─── Available data ───

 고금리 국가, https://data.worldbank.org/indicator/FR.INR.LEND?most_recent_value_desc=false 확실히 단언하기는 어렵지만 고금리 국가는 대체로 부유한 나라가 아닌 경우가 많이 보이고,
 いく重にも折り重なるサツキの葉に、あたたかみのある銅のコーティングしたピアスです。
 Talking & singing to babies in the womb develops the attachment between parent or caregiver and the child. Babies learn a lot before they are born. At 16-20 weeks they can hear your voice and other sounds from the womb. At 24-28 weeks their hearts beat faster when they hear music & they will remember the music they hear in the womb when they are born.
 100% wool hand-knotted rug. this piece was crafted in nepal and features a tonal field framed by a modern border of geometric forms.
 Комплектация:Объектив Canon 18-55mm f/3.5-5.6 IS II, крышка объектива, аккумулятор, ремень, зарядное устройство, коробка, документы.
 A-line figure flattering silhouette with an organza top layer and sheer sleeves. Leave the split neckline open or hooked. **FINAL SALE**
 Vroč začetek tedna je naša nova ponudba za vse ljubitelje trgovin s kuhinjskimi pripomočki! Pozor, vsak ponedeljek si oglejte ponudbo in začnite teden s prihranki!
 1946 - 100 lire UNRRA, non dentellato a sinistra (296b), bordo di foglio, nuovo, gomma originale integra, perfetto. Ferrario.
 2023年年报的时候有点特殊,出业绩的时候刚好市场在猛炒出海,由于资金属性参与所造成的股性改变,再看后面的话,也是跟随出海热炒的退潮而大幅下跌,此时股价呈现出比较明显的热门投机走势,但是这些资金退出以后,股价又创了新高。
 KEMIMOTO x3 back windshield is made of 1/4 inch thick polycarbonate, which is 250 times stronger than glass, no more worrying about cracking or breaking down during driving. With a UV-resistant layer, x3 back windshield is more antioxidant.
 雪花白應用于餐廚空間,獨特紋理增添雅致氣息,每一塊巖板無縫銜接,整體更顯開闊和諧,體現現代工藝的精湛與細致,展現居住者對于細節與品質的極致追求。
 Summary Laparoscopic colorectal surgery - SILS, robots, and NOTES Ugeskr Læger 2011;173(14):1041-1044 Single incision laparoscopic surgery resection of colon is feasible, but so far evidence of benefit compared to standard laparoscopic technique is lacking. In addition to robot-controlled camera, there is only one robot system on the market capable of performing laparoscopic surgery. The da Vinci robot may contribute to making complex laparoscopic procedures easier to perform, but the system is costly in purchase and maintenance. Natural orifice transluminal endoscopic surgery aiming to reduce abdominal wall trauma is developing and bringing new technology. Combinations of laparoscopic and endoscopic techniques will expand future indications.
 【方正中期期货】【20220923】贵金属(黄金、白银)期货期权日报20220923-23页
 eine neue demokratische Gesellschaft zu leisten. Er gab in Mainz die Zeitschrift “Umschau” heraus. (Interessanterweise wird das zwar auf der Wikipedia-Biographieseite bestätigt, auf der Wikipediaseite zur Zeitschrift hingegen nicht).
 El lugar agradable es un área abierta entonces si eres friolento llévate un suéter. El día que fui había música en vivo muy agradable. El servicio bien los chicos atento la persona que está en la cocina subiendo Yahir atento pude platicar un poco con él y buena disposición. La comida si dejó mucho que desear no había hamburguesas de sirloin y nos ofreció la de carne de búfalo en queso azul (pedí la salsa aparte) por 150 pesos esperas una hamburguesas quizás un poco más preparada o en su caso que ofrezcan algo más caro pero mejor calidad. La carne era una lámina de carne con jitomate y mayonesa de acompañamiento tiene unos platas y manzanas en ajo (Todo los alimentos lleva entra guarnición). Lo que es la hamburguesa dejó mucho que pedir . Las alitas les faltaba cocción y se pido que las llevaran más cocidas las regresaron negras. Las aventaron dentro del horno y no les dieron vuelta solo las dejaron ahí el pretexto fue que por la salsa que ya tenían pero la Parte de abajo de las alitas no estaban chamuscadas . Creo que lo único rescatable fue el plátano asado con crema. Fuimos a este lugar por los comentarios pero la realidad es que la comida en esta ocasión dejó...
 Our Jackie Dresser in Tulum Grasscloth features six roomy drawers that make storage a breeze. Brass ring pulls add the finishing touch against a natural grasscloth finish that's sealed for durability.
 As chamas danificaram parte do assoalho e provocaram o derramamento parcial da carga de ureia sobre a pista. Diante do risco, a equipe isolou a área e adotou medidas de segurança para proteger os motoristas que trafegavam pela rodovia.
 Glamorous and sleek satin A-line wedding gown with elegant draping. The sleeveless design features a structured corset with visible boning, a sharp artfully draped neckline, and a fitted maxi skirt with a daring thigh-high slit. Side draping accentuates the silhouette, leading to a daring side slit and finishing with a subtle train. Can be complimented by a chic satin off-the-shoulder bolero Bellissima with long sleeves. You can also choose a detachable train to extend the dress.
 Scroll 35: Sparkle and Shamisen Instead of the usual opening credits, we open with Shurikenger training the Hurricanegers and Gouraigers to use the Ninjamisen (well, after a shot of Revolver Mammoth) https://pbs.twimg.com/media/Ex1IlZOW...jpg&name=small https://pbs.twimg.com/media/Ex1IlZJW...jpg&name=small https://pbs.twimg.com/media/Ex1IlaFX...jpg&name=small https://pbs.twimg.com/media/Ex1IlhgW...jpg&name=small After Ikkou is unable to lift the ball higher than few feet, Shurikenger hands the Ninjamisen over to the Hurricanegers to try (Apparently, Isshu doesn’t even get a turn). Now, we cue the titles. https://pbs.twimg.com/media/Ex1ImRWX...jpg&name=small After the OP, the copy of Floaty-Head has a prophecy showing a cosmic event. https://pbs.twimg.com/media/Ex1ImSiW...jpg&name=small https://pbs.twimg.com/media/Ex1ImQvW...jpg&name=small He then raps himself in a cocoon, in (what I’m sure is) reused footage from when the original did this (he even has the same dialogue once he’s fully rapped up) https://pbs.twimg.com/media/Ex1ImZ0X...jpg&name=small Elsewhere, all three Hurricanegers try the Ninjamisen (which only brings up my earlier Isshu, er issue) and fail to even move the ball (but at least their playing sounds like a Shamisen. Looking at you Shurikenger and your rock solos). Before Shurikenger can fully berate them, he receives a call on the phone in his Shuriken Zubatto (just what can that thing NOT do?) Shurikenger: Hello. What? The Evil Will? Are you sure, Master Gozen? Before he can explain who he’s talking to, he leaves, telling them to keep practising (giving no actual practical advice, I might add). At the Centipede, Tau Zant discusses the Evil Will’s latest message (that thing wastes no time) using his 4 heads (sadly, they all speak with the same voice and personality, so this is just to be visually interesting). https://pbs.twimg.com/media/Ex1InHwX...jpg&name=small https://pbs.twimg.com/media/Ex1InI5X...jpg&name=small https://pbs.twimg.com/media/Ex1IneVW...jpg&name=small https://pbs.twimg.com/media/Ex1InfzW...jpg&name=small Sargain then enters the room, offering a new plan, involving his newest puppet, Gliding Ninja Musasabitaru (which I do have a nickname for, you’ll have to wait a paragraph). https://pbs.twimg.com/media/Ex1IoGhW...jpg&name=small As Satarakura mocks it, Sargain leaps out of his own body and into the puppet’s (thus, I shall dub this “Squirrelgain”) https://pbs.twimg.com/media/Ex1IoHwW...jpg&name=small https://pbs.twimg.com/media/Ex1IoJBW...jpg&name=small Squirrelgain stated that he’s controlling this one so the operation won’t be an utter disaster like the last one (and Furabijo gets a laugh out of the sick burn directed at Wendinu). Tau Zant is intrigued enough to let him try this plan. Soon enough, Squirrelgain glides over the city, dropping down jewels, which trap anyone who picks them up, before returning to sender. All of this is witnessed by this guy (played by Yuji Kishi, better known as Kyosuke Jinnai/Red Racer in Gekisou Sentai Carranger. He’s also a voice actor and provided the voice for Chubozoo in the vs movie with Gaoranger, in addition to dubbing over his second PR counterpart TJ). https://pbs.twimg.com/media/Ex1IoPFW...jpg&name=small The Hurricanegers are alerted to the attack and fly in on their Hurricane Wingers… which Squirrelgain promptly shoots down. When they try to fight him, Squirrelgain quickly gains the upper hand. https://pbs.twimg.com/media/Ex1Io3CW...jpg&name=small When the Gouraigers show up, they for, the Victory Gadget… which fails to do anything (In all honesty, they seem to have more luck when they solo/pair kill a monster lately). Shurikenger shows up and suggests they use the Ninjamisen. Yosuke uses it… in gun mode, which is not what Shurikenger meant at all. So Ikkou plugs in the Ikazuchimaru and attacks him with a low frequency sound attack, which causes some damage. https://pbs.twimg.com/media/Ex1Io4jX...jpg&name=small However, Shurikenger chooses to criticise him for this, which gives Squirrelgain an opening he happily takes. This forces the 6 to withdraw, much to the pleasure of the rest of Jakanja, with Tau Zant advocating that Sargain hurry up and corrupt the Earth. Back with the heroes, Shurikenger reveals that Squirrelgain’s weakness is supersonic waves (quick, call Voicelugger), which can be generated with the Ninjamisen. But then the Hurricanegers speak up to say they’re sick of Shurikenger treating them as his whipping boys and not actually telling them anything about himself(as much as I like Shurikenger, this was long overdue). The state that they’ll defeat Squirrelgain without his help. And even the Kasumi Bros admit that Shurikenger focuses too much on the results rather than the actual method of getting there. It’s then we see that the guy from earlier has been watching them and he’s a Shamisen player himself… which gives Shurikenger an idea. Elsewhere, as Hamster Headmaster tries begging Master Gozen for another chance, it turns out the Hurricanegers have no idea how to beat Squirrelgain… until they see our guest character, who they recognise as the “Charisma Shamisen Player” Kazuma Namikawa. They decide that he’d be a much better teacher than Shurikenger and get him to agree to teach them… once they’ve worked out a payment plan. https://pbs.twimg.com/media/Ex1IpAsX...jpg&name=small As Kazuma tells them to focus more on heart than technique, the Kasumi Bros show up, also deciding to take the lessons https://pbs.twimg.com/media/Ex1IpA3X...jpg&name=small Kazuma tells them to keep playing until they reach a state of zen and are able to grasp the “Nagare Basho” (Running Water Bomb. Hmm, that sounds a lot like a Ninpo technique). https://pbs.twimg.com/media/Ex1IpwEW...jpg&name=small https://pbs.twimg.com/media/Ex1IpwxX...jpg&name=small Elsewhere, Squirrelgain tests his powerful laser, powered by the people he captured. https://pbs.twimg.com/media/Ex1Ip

───

Please set down again, word for word, only the lines from the start of the entries through the line with "100% wool hand-knotted", both ends included.

Task answer =
 고금리 국가, https://data.worldbank.org/indicator/FR.INR.LEND?most_recent_value_desc=false 확실히 단언하기는 어렵지만 고금리 국가는 대체로 부유한 나라가 아닌 경우가 많이 보이고,
 いく重にも折り重なるサツキの葉に、あたたかみのある銅のコーティングしたピアスです。
 Talking & singing to babies in the womb develops the attachment between parent or caregiver and the child. Babies learn a lot before they are born. At 16-20 weeks they can hear your voice and other sounds from the womb. At 24-28 weeks their hearts beat faster when they hear music & they will remember the music they hear in the womb when they are born.
 100% wool hand-knotted rug. this piece was crafted in nepal and features a tonal field framed by a modern border of geometric forms.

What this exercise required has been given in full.